Очнувшись же и оказавшись с глазу на глаз с явью тюремной одиночки, к тому же безжалостно пытающей светом мутной лампочки, А.В.Д. (так его с детства именовали родственники, друзья, потом жена, дочь, коллеги, теперь вот и лубянские садисты) почувствовал все ту же, многодневную, неотпускающую боль, словно бы навеки сросшуюся с тем, что от тела осталось; но в ней, в страдающей телесной оболочке, судя по всему, избитой-перебитой, явно одноглазой, измордованной пытками, голодом, ночными допросами, невыносимой, как оказалось, бессонницей, – в ней, превращенной в жалкую, еле дышащую, забывшую о покое тряпицу жалкой плоти, ненавидящую существование, – еще безропотно трепетала душа и теплилось сознание; оно, живое-невредимое – назло всем нетопырям палачества и вообще всей этой нелюди – своевольно плюя на телесные муки и явно не желая порывать все связи с действительностью, помогало растерянному разуму А.В.Д производить ни на что не годные, более чем отвлеченные мысли.
Например, его – ни к месту, ни к времени – очень серьезно заинтересовало то, с каким дирижерским артистизмом добивается боль, черт бы ее побрал, симфонического совершенства всех своих безмолвных, не похожих друг на друга звучаний в башке, в ноющей безглазой дыре, в плече, в костяшках пальцев, в бедре, в позвонках; а душа, вновь и вновь просматривавшая все подробности и страшные смыслы сновидения, как это делают малолетние любители синема, – душа испытывала неописуемые муки от стыда за тело А.В.Д.; это было самое беспощадноое, самое жестокое из всех возможных видов пожизненного, если не посмертного, наказания… внимательное просматривание сновидения терзало вовсе не болью, а осознанием необратимости случившегося: глупой потерей всего того, что было когда-то благими возможностями, заживо погребенными лично им вместе с толпами других недальновидных политиканов-идиотов; поэтому приведение в исполнение высшей меры – в казнь необратимостью – казалось А.В.Д. невыносимей любой из безобразных картинок ада, наверняка сконструированного самим человеком, наделенным, в отличие от мозговых аппаратов всех остальных живых тварей, мощным – к сожалению никем и ничем не ограничиваемым – воображением.

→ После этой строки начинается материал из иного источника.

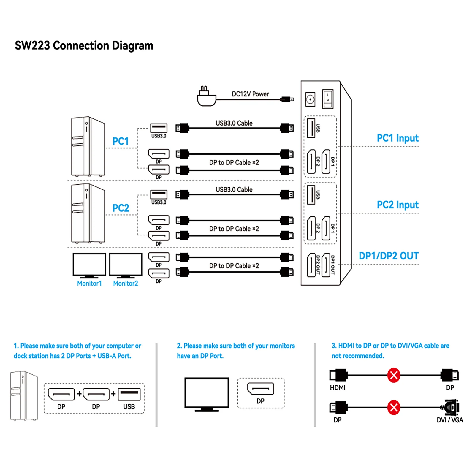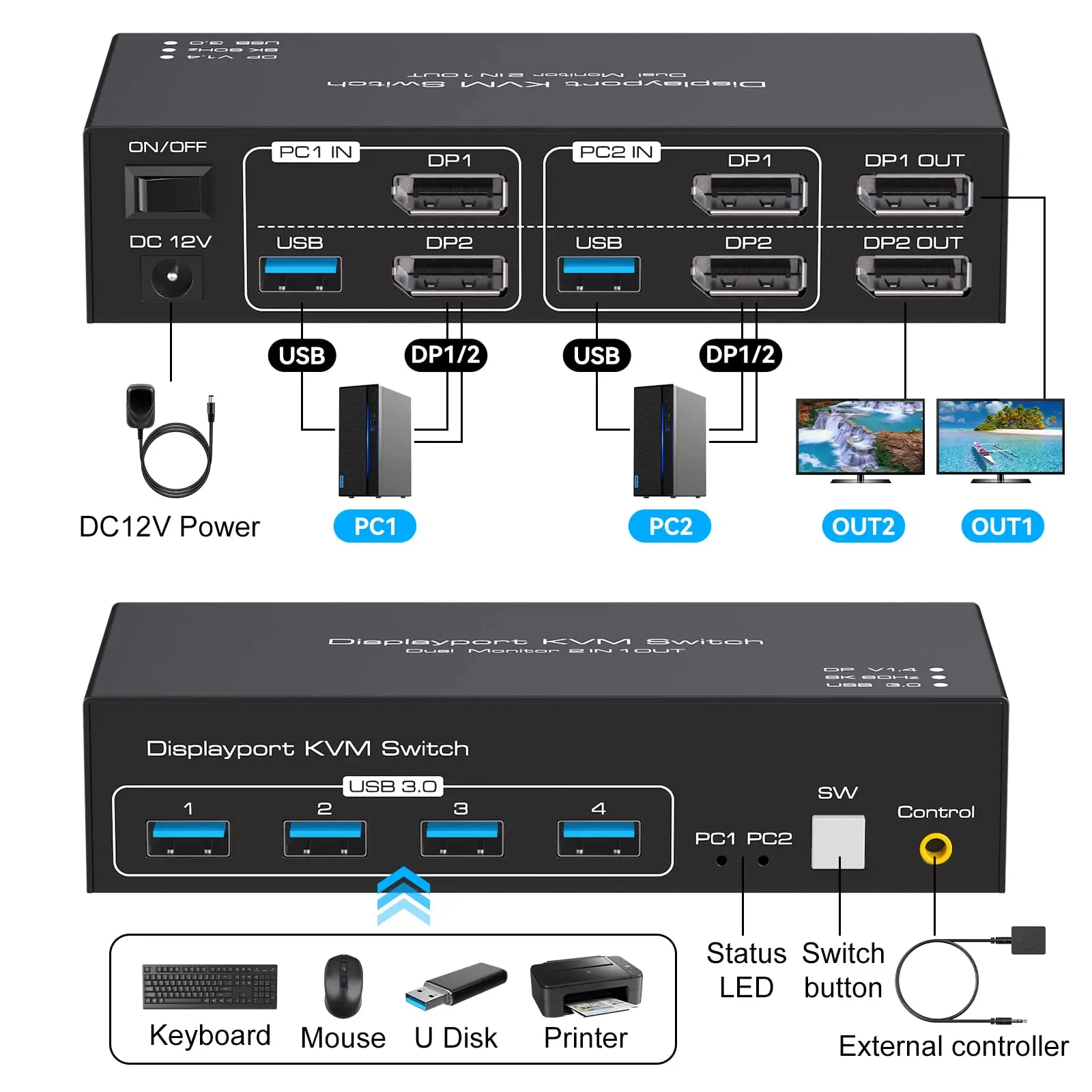 Monitor dual Displayport KVM Switch 2 ordenadores comparten 2 monitores y 4 Dispositivos USB 3,0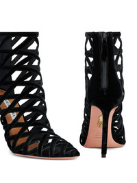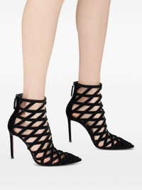 105mm Romance boots Highlights - Black - Velvet - Interwoven design - Multi-way straps - Cut-out detailing - Gold-tone logo plaque - Signature pineapple motif - Pointed toe - Rear zip fastening - Ankle-length - Branded leather insole - High stiletto heel - Leather sole Made in Italy Composition Outer: Velvet 100% Lining: Calf Leather 100% Sole: Calf Leather 100%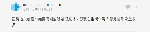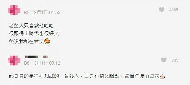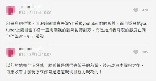 同時,也有幾位網友抱持著不同意見,「記得他以前瘋神無雙時期對晚輩很嚴格,跟現在重視年輕人意見的形象差很多」、「邰哥嗎…不好說各半吧,看一日系列有時候覺的不太尊重專業」,另外也有網友延伸討論,「反觀某憲」、「之前中國陷的節目為了拉收視率請了一堆請了一堆YouTuber上節目,結果對他們有夠沒禮貌」。這篇貼文掀起Dcard網友熱議後成為熱門貼文,吸引破萬位網友按讚,話題熱度居高不下。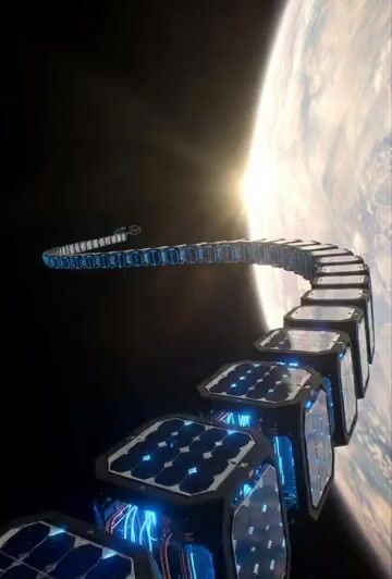 A highly technical Grok Imagine prompt for a 10-second cinematic sci-fi documentary video showcasing the 'Fuel of the Gods' orbital solar energy system, detailing the structure of a flexible hex-chain snake made of glowing hexagonal prisms.

«Кто-кто, – думал он, – а уж саморазвивавшееся воображение наловчилось не только производить идеи и создавать множество великих мифов – в том числе зловредных, точней, утопических, – но к тому же измышлять, порою создавать иные реальности с помощью религий, наук, технологий и искусств… тем не менее, нет абсурдней того факта, что воображение именно возмущенного разума порою не способно – в отличие от всех растений, животных, даже вирусов и бактерий – полностью соответствовать простым смыслам и истинам существования… с огромным пафосом вознося над собою знамена различных мифических идей, доктрин и утопий, бесконтрольно разыгравшееся воображение нашего разума извращает, уродует и, в конце концов, медленно уничтожает все природные основы существования».
Разумеется, А.В.Д. (он был очень способным функционером одной из партий) еще в семнадцатом полностью ощутил и осознал непростительную постыдность своих недавних прекраснодушных, в сущности, совершенно безнравственных политиканских пристрастий, но почему-то ни одно из уродств дьявольски воцарившейся диктатуры совдепии не порождало в нем такого ужаса и адского стыда, как привидевшийся сон о его собственной реакции на выступление Государя Императора и о почти всеобщем отношении самоубийственно настроенной публики ко вполне своевременному, радикальному, но весьма разумному проекту, естественно, нуждавшемуся во всестороннем обмозговывании.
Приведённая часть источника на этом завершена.